You are given the head of a linked list. Delete the middle node, and return the head of the modified linked list.

The middle node of a linked list of size n is the ⌊n / 2⌋th node from the start using 0-based indexing, where ⌊x⌋ denotes the largest integer less than or equal to x.

For n = 1, 2, 3, 4, and 5, the middle nodes are 0, 1, 1, 2, and 2, respectively.

Example 1:

Input: head = [1,3,4,7,1,2,6]
Output: [1,3,4,1,2,6]
Explanation:
The above figure represents the given linked list. The indices of the nodes are written below.
Since n = 7, node 3 with value 7 is the middle node, which is marked in red.
We return the new list after removing this node. 

Example 2:

Input: head = [1,2,3,4]
Output: [1,2,4]
Explanation:
The above figure represents the given linked list.
For n = 4, node 2 with value 3 is the middle node, which is marked in red.

Example 3:

Input: head = [2,1]
Output: [2]
Explanation:
The above figure represents the given linked list.
For n = 2, node 1 with value 1 is the middle node, which is marked in red.
Node 0 with value 2 is the only node remaining after removing node 1.

2. Thoughts

3. Tips learned

4. My solution

class Solution:
    def deleteMiddle(self, head: Optional[ListNode]) -> Optional[ListNode]:
        length = 1
        node = head
        while node.next != None:
            length += 1
            node = node.next

        if length == 1:
            return ListNode(val="", next=None)

        node = head
        for i in range(int(length / 2) - 1):
            node = node.next

        node.next = node.next.next

        return head

70/70 cases passed (1305 ms)
Your runtime beats 33.94 % of python3 submissions
Your memory usage beats 14.6 % of python3 submissions (63 MB)

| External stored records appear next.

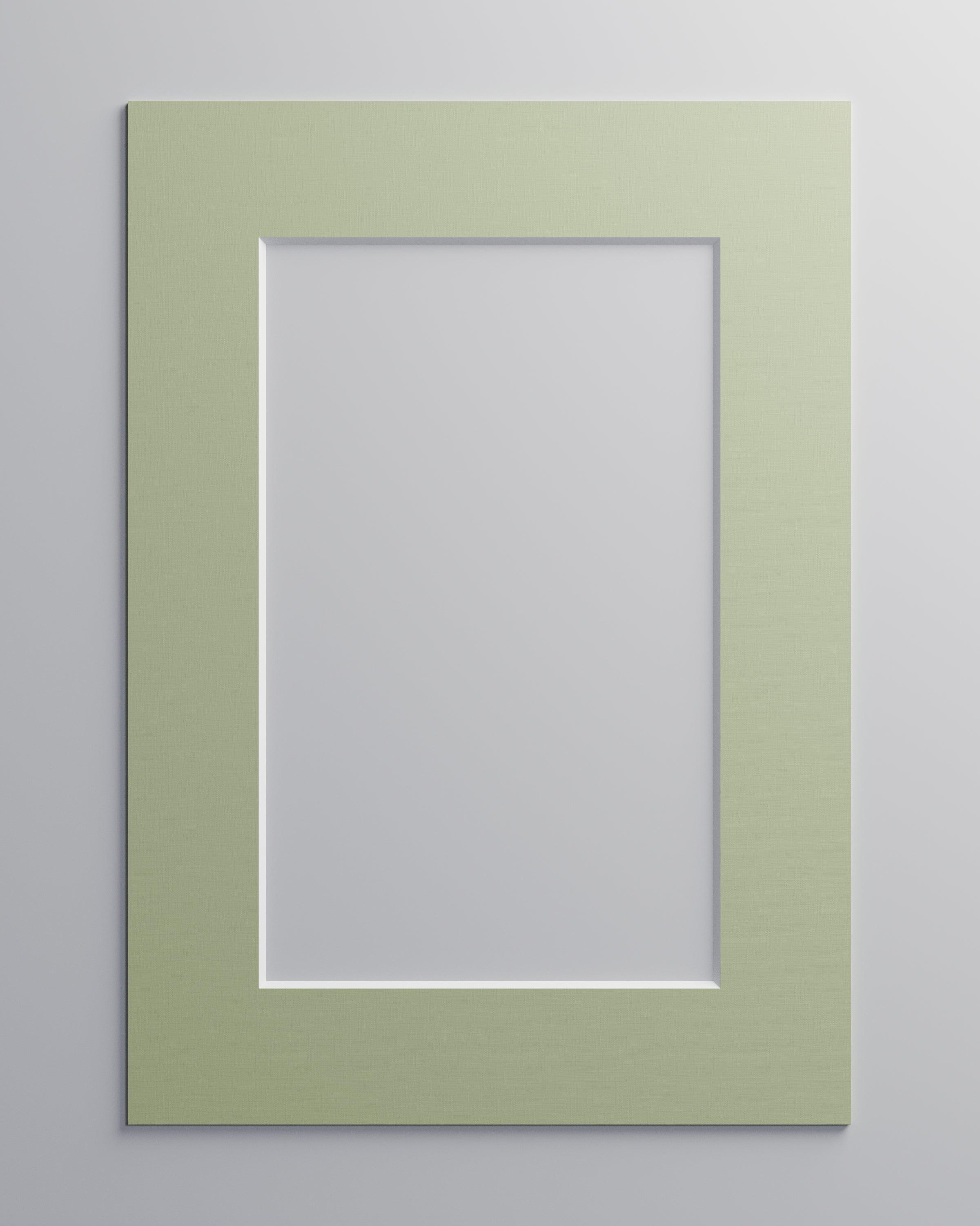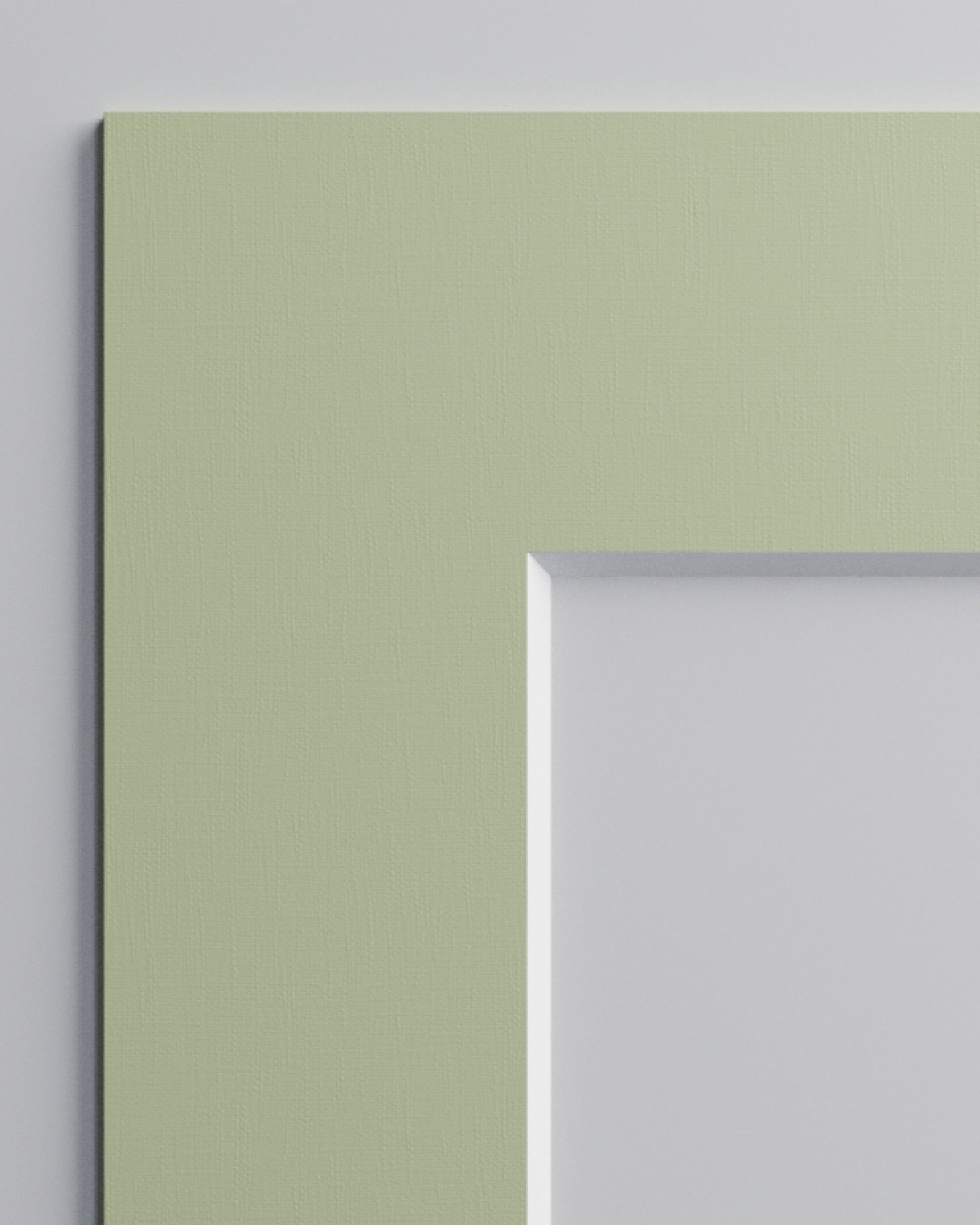 En afdæmpet grøn passepartout, der bringer ro og karakter til din indramning. Fremstillet i 1,5 mm syrefrit karton med en 45-graders skæring, der afslører en hvid kerne og indrammer motivet med en lys og diskret kant.
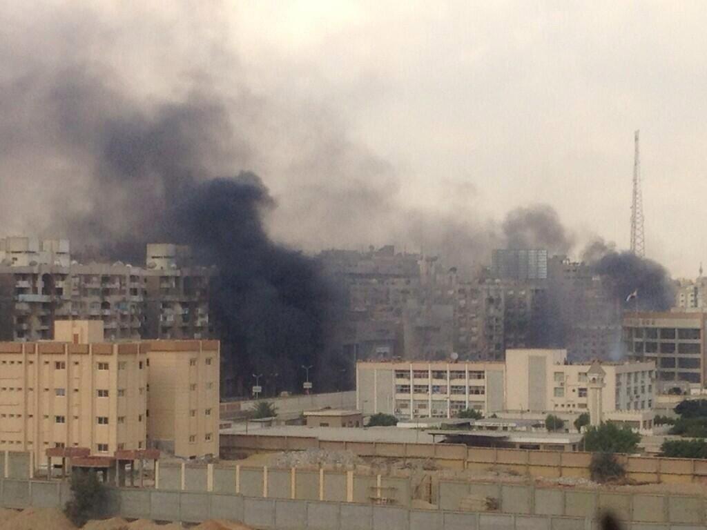 Smoke rises from anti-coup protest center in Rabaa. Police and Military slaughter pro-Morsi protesters.
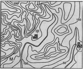 2.连接N点到甲村和乙村,图示甲村和N点之间有山脊阻隔;而N到乙村之间地形为山谷,故能看到乙村。
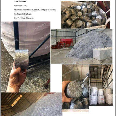 温馨提示:平台私下交易请注意资金安全!(CRA客服电话:18566395007)铝屑压块 大约70%的7xxx,其余为6xxx和2xxx。 不超过5%锌,2%的油和水分,铁不超过0.2% 数量:4个20尺集装箱,每柜约27吨 包装:压块散装 压块尺寸:40x40x40-60cm 图片:以前的装货图片 货源地:以色列
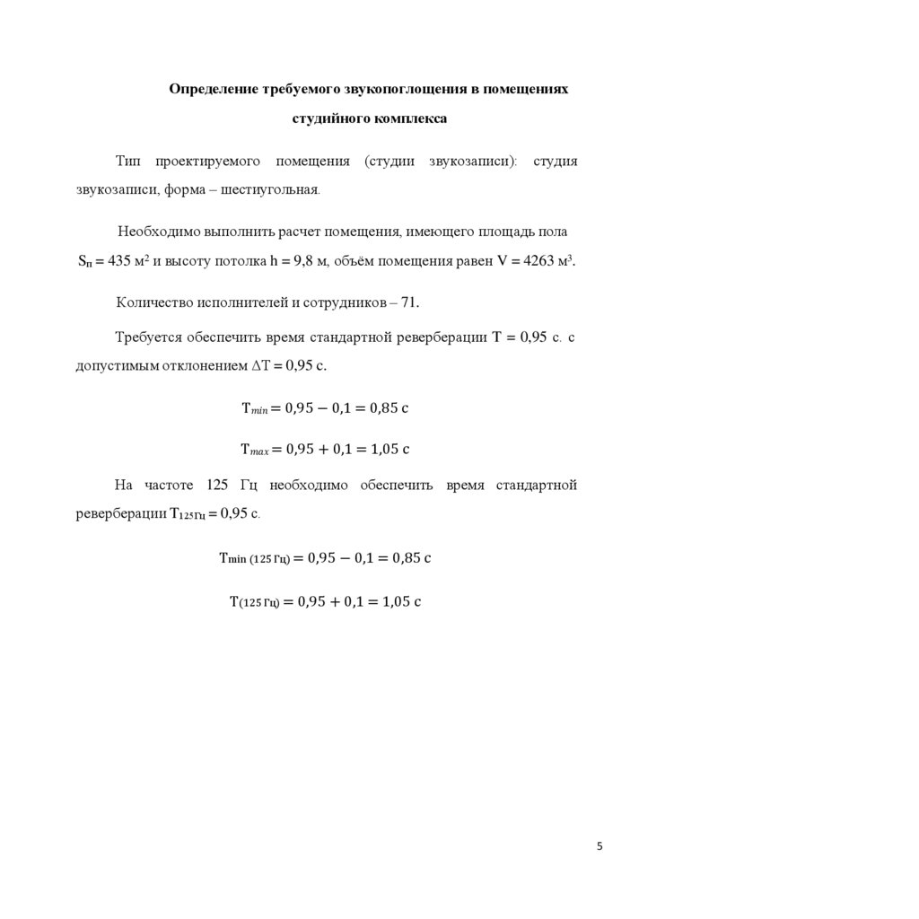 Определение требуемого звукопоглощения в помещенияхстудийного комплекса
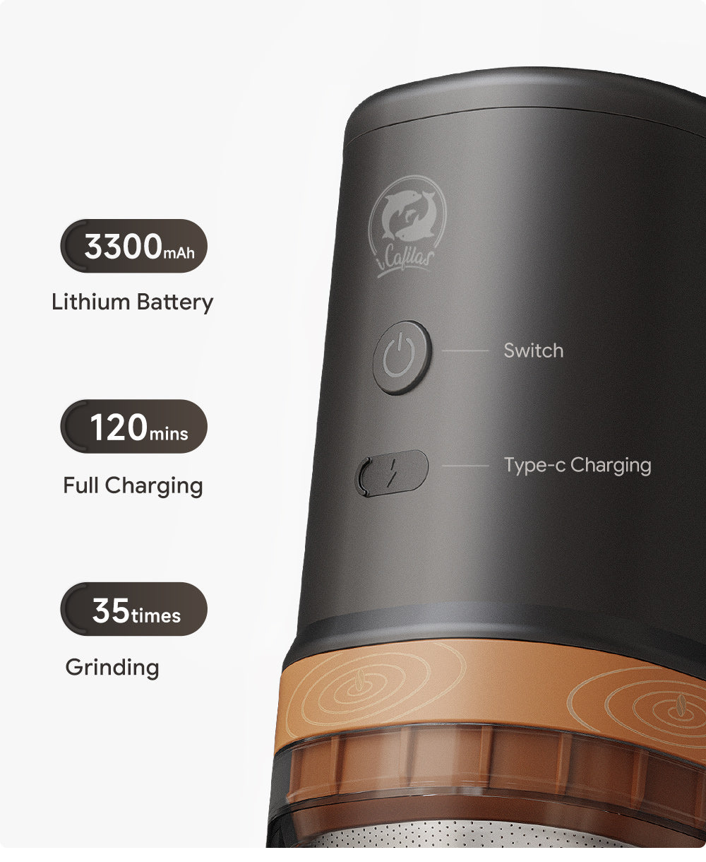 The iCafilas FK13 portable coffee grinder provides consistent grinding performance. Key features include:
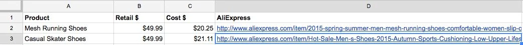 Bunu manuel olarak yapmak istiyorsanız, sitenizdeki tüm ürünlerin listesini, bunları sattığınız tutarı, AliExpress'te maliyetini ve bağlantısını içeren bir elektronik tabloya sahip olmak iyi bir fikir olabilir. AliExpress listesi. Bu şekilde, bir sipariş aldığınızda AliExpress'te tedarikçiyi bulmanız ve fiyat değişikliklerini takip etmeniz daha kolay olacaktır.
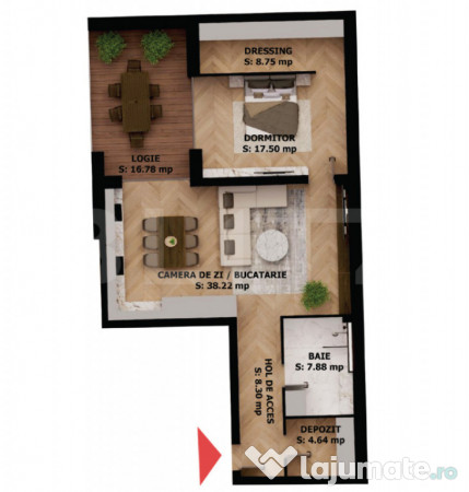 Dormitorul impresionează printr-un dressing generos tip walk-in, perfect organizat și elegant, în timp ce livingul și bucătăria modernă formează un ambient primitor, ideal pentru momente de relaxare sau socializare.
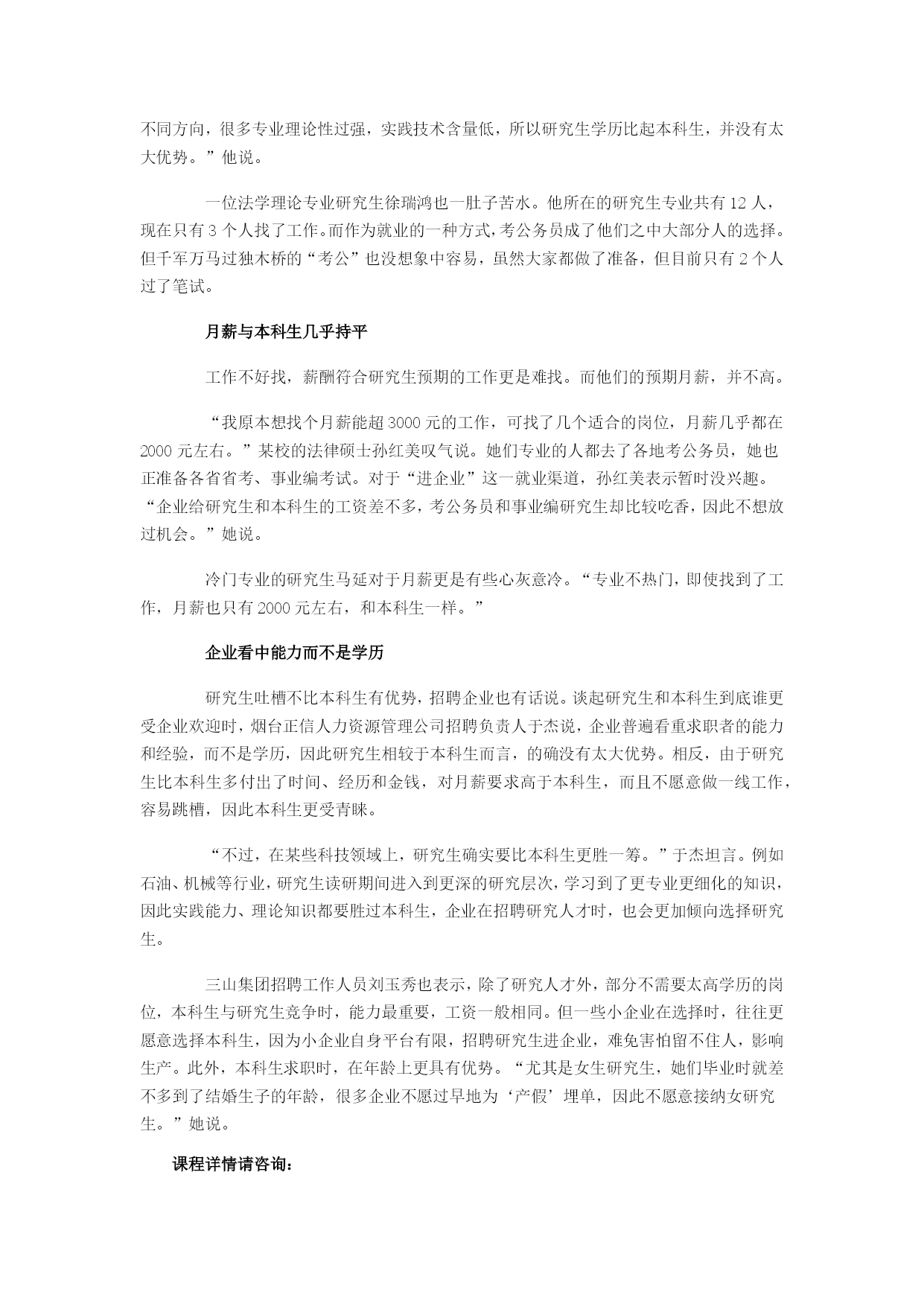 媒体争相报道研究生就业困局如何与本科生同台竞争.doc

5. AI Solution and Improvements

Here's how you can implement this solution:

1. Initialize two pointers, slow and fast, at the head of the list.
2. Move fast two steps and slow one step at a time.
3. When fast reaches the end, slow will be at the node just before the middle.
4. Delete the next node of slow.

This approach is more efficient as it requires only one traversal of the list. Here's the code for this solution:

class Solution:
    def delete_middle(self, head: ListNode) -> ListNode:
        # Handle edge cases: empty list or single node list
        if not head or not head.next:
            return None

        # Initialize two pointers
        slow, fast = head, head.next.next

        # Traverse the list with the two-pointer approach
        while fast and fast.next:
            slow = slow.next
            fast = fast.next.next

        # Delete the middle node
        slow.next = slow.next.next

        return head

This code effectively finds and removes the middle node in a single pass, making it more efficient than the original approach.